Ya en el paraje agreste y escondido
que tanto hemos amado, ya en el bello
lugar en donde con afán las almas
buscaban un refugio, y en alegres
bandadas, al llegar la primavera,
en unión de los pájaros, las gentes,
de aire, de flores y de luz ansiosas,
iban a respirar vida y perfumes,
de sus galas más ricas despojado
hoy se levanta el monasterio antiguo
como triste esqueleto. Aquel tan grato
silencio misterioso que envolvía
los agrietados muros, a regiones
más dichosas quizás huyó ligero
en busca de un asilo.

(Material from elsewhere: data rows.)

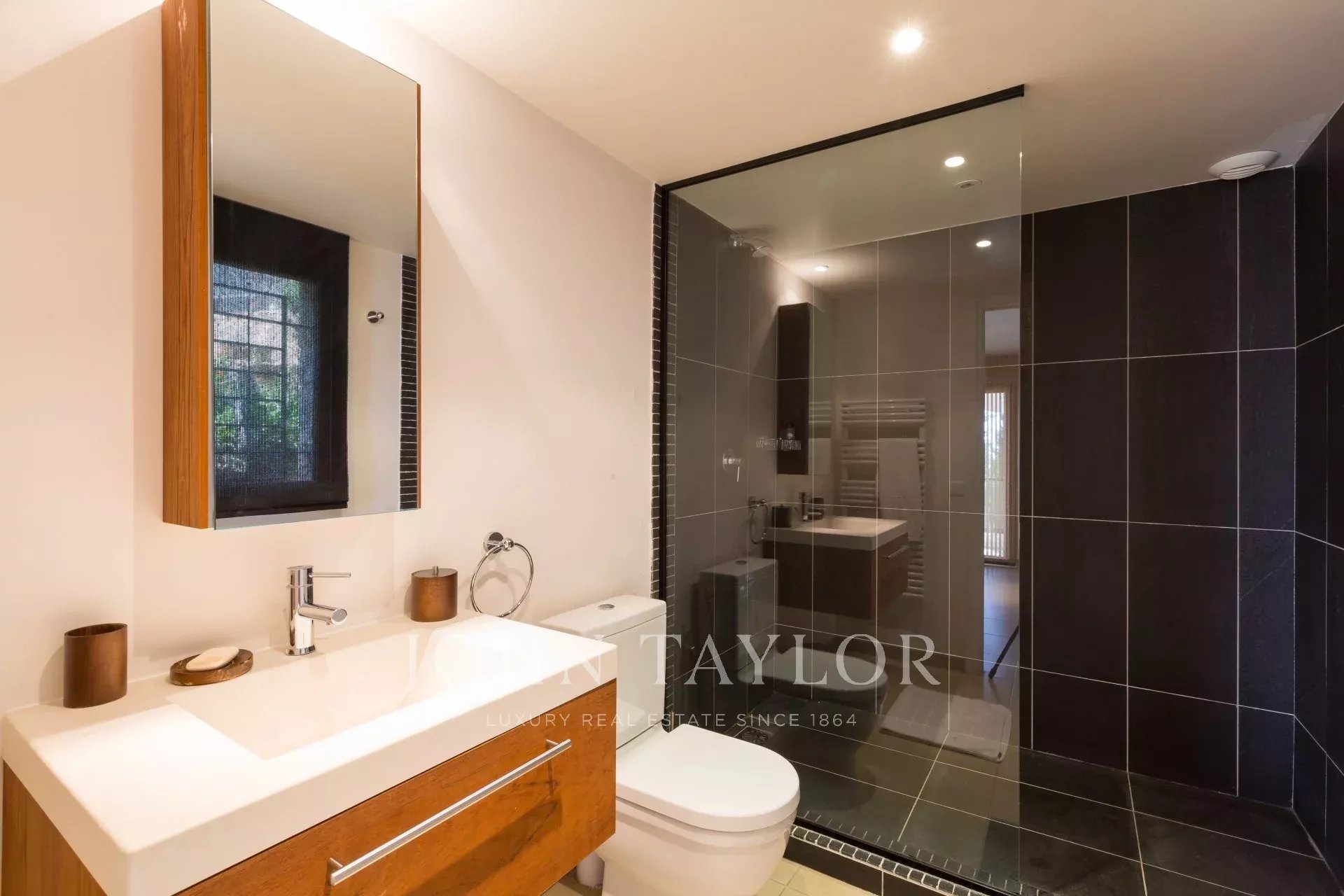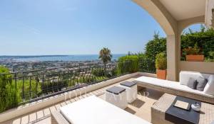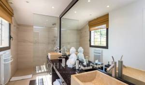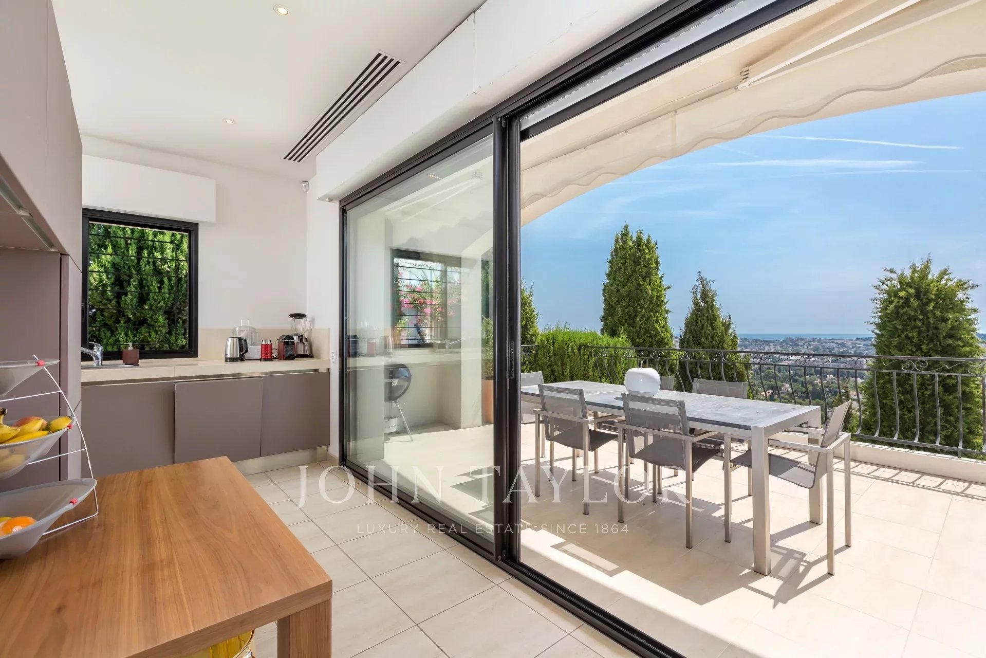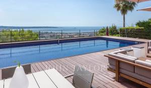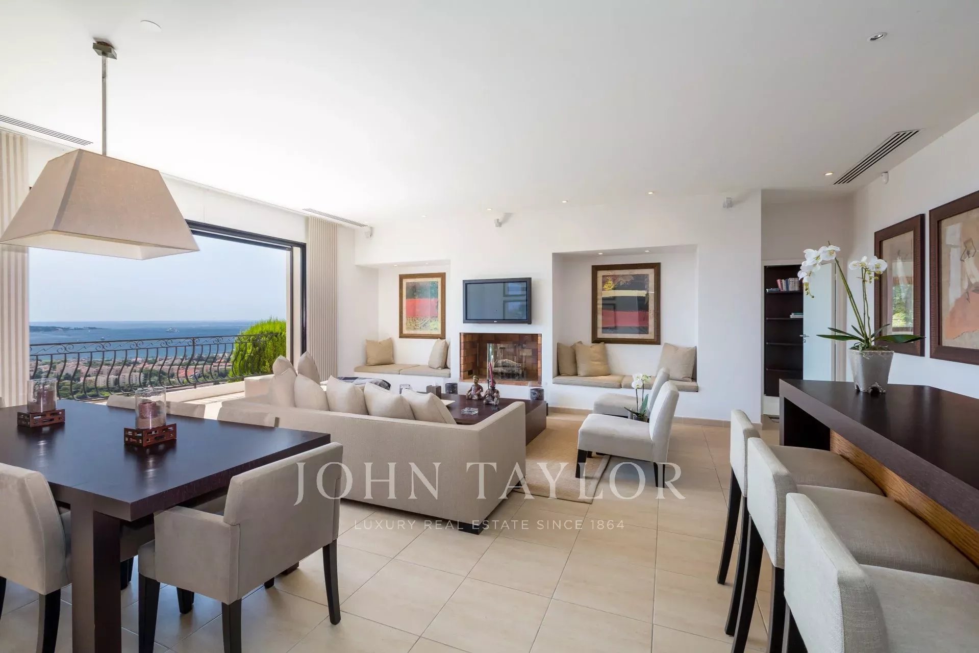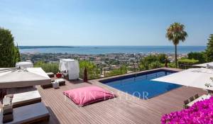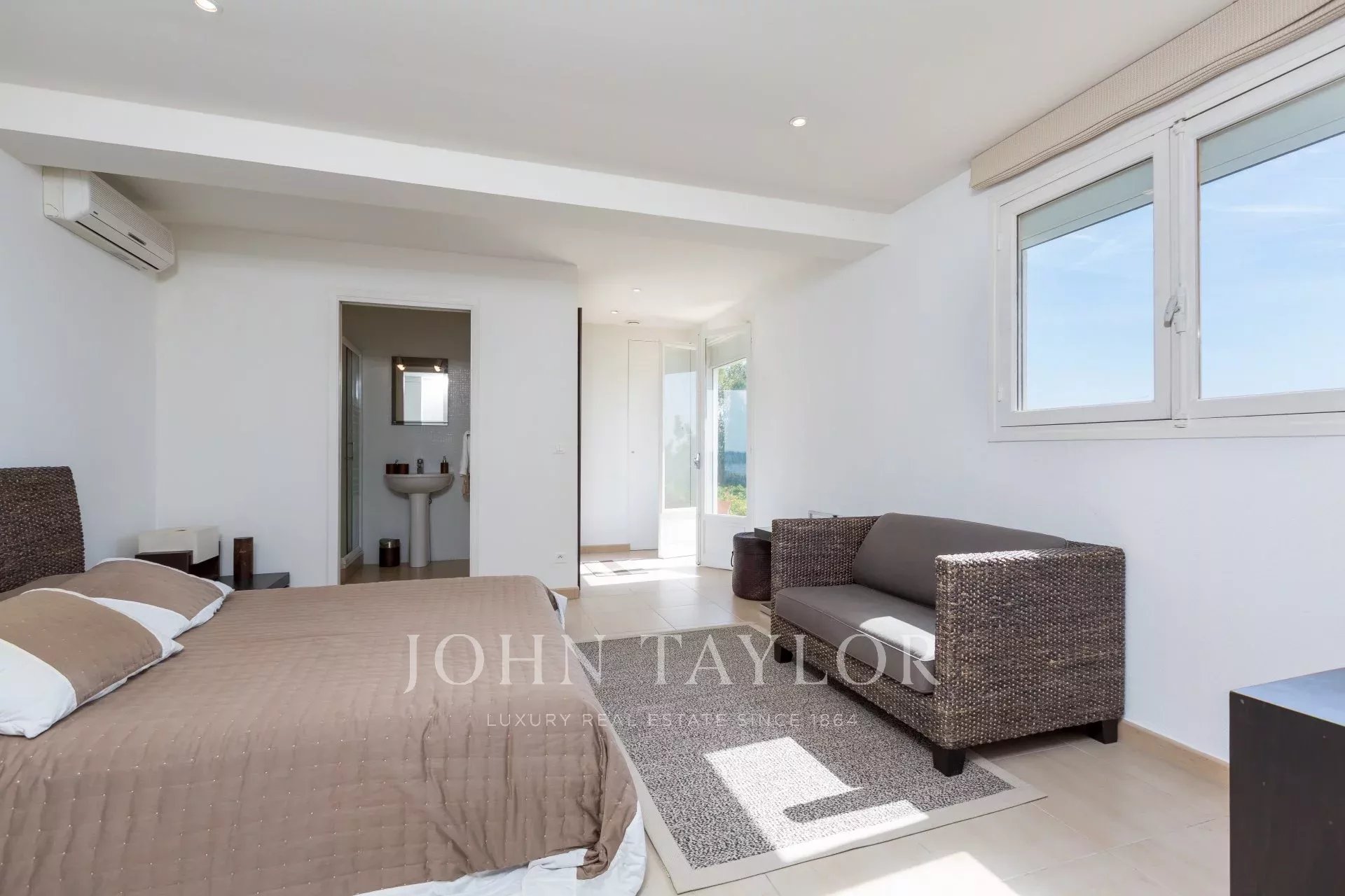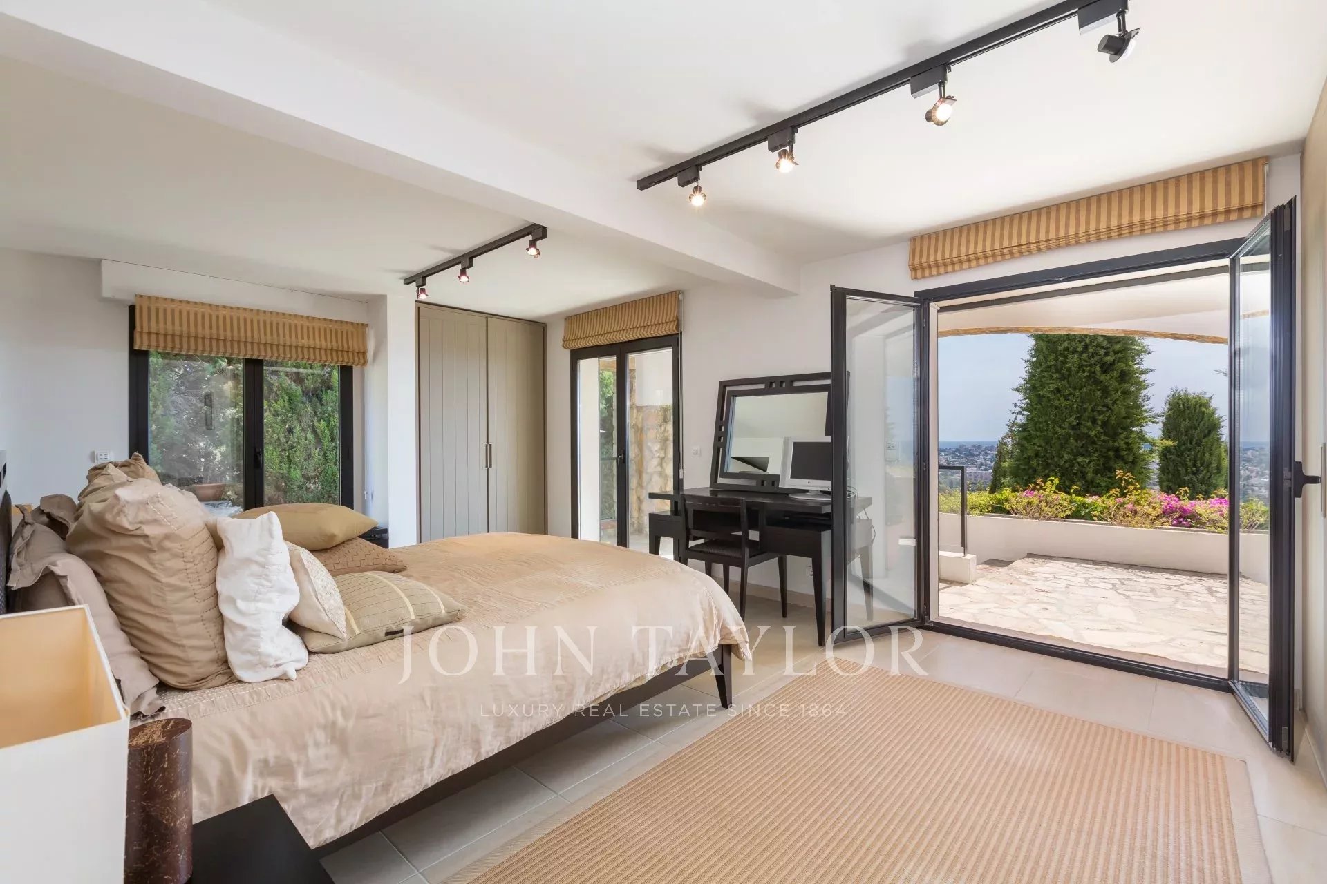 Sulle alture di Golfe-Juan, nel cuore di un giardino paesaggistico di circa 3.000 m², questa magnifica villa vanta caratteristiche contemporanee di alta qualità e un'eccezionale vista panoramica sul mare fino a Cap d'Antibes.
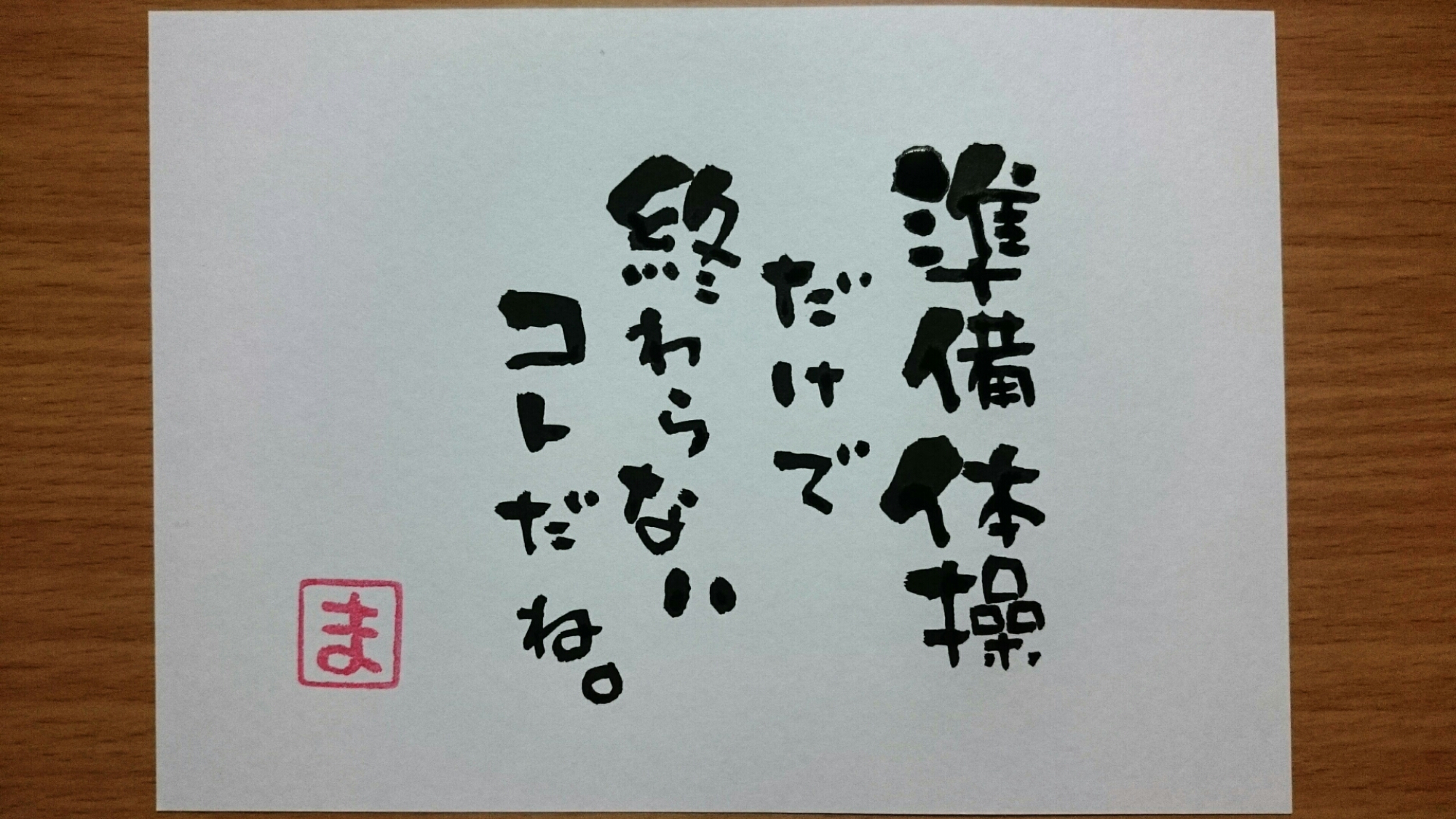 今日のひとりごと。429 『準備体操だけで終わらないコトだね。』 入念に入念に準備して、とにかくとにかく準備を完璧に万全にしようとして、なかなか肝心な本番への第一歩を踏み出していなかったりする。 どこかに不安があるんだよね。 どこかに恐怖があるんだよね。 でも、見えないからこそ一歩進んでみて近づいてみる。 少しずつ少しずつ視界が広がる。 … 続きを読む »今日のひとりごと。429
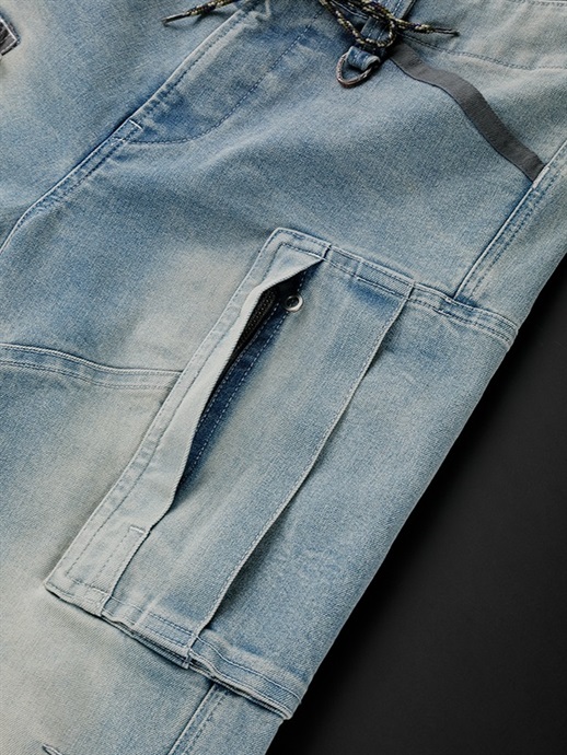 HYOD Covec®デニムパンツは、Covec®の持つ機能(引裂き強度・耐切断性・耐摩擦強度・対破裂性など)をすべて保持するCovec® yarns(コベック糸)を使ったデニム“oneskin”を採用しています。ストレッチ性のある軽量構造のデニムでありながら、切断や引裂き強度、耐摩耗性に優れた“高強度ストレッチデニムパンツ”に仕上げています。
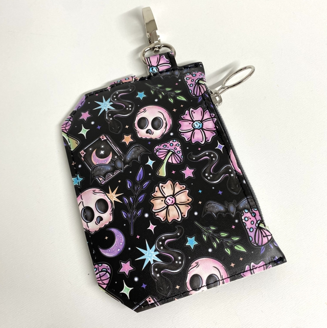Handmade faux leather purse. Includes 3 card slots with a snap tab closure, a swivel clip and a zipped main compartment.
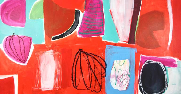 "Shapes" is from my "Elemental" series that expresses beginnings and evolution in the natural world on planet Earth. "Shapes (Elemental)," is a modern abstract of simple organic and geometric shapes and gestural lines. Red background is complemented and contrasted with bold, bright color, and black...
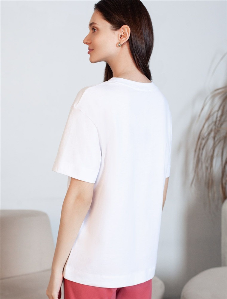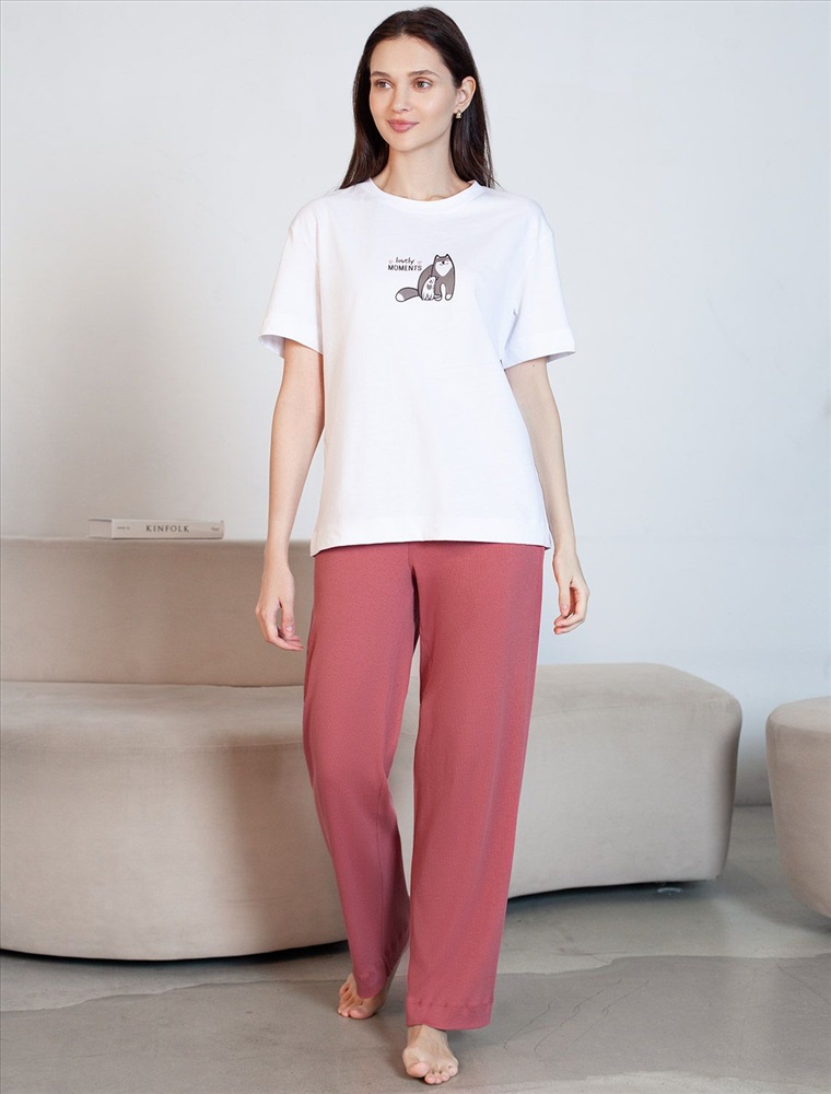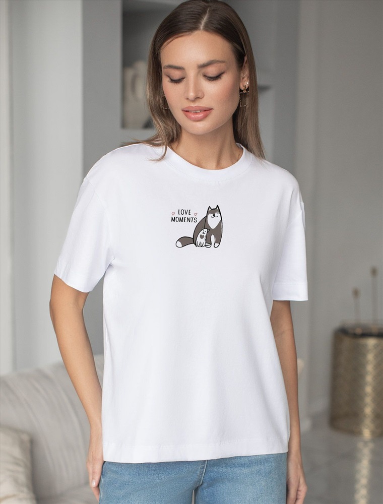 Плотность: 140 Г/м2 Футболка белого цвета выполнена из премиального 100% хлопка плотностью 140 Г/м2. Главная особенность этого изделия — тонкое кулирное полотно, которое легче и воздушнее стандартного варианта. Благодаря своей деликатной текстуре футболка идеально подходит для домашних образов и пижамных комплектов. Ткань отлично дышит, обеспечивая максимальный уют во время сна и отдыха. Особое внимание привлекает стильный принт контрастного цвета в виде котиков с надписью. Перевод надписи: Love moments - Моменты любви. Принт выполнен красками с устойчивым покрытием, который добавляет изделию оригинальности и позволяет выразить индивидуальность. Свободный крой футболки дарит удобство и не стесняет движений, что делает ее идеальной для повседневной носки или активного отдыха, подчеркивает современный взгляд на моду. Подойдет девушкам и женщинам на любую фигуру, вы будете чувствовать себя в ней уверенно и комфортно. Лаконичный современный принт делает изделие универсальным: можно создавать стильные образы для прогулок, встреч, занятий спортом и домашних дел. Базовая футболка подходит для любой ситуации и сочетается с разными элементами гардероба. Рекомендуем сочетать с артикулами: D44.163, D44.162, D44.161, D46.058, D48.011, D48.012 Комментарии к товару
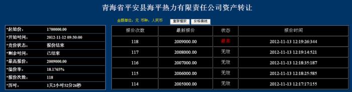 受平安县财政局委托,青海省产权交易市场于2012年11月13日对平安县海平热力有限责任公司七台燃煤锅炉及附属设备、柳工装载机、办公设备等资产转让(项目GC12QH030139 )实行公开网络竞价处置。

Las campanas
de eco vibrante y musical resuenan
de una manera sorda en el vacío
que sin piedad a su alrededor hicieron
manos extrañas, y el rumor monótono
de la fuente en el claustro solitario
parece sollozar por los jazmines,
que, cual la nieve blancos, las cornisas
musgosas adornaban, y parece
triste llamar por la aldeana hermosa
que lavaba sus lienzos en el agua
siempre brillante del pilón de piedra
que el roce de sus manos ha gastado
y hoy buscan de otra fuente la frescura.

¡Lo vieron y callaron... con silencio
que causaron asombro y que contrista el alma!

Si allá donde entre rosas y claveles
arrastra el Turia sus revueltas ondas,
nuestras manos talasen los jardines
que plantaron los suyos, y aman ellos,
su labio, al rostro, de desprecio llenas
una tras otra injuria nos lanzaran
—¡Bárbaros! —exclamando.
Y si dijésemos
que rosas y claveles perfumados
no valdrán nunca, pese a su hermosura,
lo que un campo de trigo, y allí en donde
las flores compitieran con las bellas,
arrastrando el arado, la amarilla
mies con afán sembráramos.
—Mezquinos
aún más que torpes son —prorrumpirían
los fieros hijos del jardín de España
con rudo enojo levantando el grito.

Mas nosotros, si talan nuestros bosques
que cuentan siglos... —¡quedan ya tan pocos!—
y ajena voluntad su imperio ejerce
en lo que es nuestro, cosas de la vida
nos parecen quizás vanas y fútiles
que a nadie ofenden ni a ninguno importan
si no es al que las hace, a soñadores
que sólo entienden de llorar sin tregua
por los vivos y muertos... y aun acaso
por las hermosas selvas que sin duelo
indiferente el leñador destruye.

—Pero ¿qué...? —alguno exclamará indignado
al oír mis lamentos—. ¿Por ventura
la inmensa torre del reloj se ha hundido
y no hay ya quien señale nuestras horas
soñolientas y tardas, como el eco
bronco de su campana formidable;
o en mis haciendas penetrando acaso
osado criminal, ha puesto fuego
a las extensas eras? ¿Por qué gime
así importuna esa mujer?
Yo inclino
la frente al suelo y contristada exclamo
con el Mártir del Gólgota: Perdónales,
Señor, porque no saben lo que dicen
;
mas ¡oh, Señor! a consentir no vuelvas
que de la helada indiferencia el soplo
apague la protesta en nuestros labios,
que es el silencio hermano de la muerte
y yo no quiero que mi patria muera,
sino que como Lázaro, ¡Dios bueno!,
resucite a la vida que ha perdido;
y con voz alta que a la gloria llegue,
le diga al mundo que Galicia existe,
tan llena de valor cual tú la has hecho,
tan grande y tan feliz cuanto es hermosa.